Answer: Only in refactor, and only while all tests are green. Never restructure on red.

J6. Why does "compilation failure counts as failure" matter?¶

Answer: In compiled languages, a test referencing a not-yet-written function won't compile — and that compile error is a valid red. So you can reach red, and must stop writing test, before even finishing a full assertion.

J7. What is "fake it till you make it"?¶

Answer: Returning a hard-coded value to pass the first test, then generalizing only when a second test forces you. It proves your tests are strong enough to demand the real implementation.

J8. How many failing tests should you have at once?¶

Answer: Exactly one. Law 2 lets you write only enough test to fail; a batch of failing tests means you've over-written the test step.
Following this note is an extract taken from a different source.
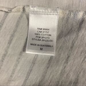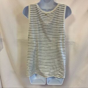 Strappy white tank top from Billabong. There’s a textured layer on top that is cute. The colour of the shirt is white with navy stripes on back. The straps are wide and comfy.

J9. What's a good unit test name?¶

Answer: One that describes the behavior, e.g. test_withdraw_rejects_overdraft, not test_withdraw_2. A failing test name should read like a one-line bug report.

J10. How do you use TDD to fix a bug?¶

Answer: Write a failing test that reproduces the bug first, then make the minimum change to pass it, then refactor. The failing test proves the fix works and becomes a permanent regression guard.

Middle Questions¶

M1. Distinguish the nano-cycle, micro-cycle, and macro-cycle.¶

Answer: Nano = one red→green flip (seconds), governed by the three laws. Micro = a full red→green→refactor (minutes). Macro = a whole feature (hours), usually opened by a failing acceptance test. The laws live in the nano-cycle.

M2. Name the three strategies for getting to green.¶

Answer: Fake it (hard-code the answer when unsure), obvious implementation (write it directly when confident and trivial), triangulation (add examples to force the generalization). Confidence picks which.

M3. Why does the speed requirement of the loop lead to mocking?¶

Answer: The nano-cycle must run in seconds. Real DB/network/filesystem calls are too slow, so you substitute fast doubles at the boundary to keep the loop fast.

M4. What should you not mock?¶

Answer: Value objects and simple, fast, deterministic logic — use the real thing. Mock only slow/external/non-deterministic boundaries or cases where the interaction is the behavior. Over-mocking yields tests that pass while the system is broken.

M5. You wrote a test and it passed on the first run. What do you do?¶

Answer: Distrust it. Temporarily break the production code to confirm the test goes red, then restore. If it stays green when the code is broken, the test asserts nothing.

M6. Why is writing ten parametrized cases at once a Law-2 violation?¶

Answer: Law 2 permits only enough test to fail — one failing test at a time. Ten cases is ten failing tests. Keep a test list and write them in one at a time, collapsing to a parametrized table during refactor.

M7. What does "refactor on green" protect you from?¶

Answer: If you refactor on red, a failure could mean either "my refactor broke it" or "the feature isn't done yet" — you can't tell which. Green means any new failure is unambiguously caused by the refactor.

M8. How do you choose which test to write next?¶

Answer: Degenerate case first (empty/zero/null), then simplest non-trivial, ordered so each step is the smallest possible code jump. Save the general/hard case for last, after triangulation has built most of the implementation.

M9. Is mocking part of the three laws?¶

Answer: No. The laws never mention mocking. The speed requirement of the nano-cycle creates the pressure to isolate slow boundaries — mocking is downstream of the laws, not part of them.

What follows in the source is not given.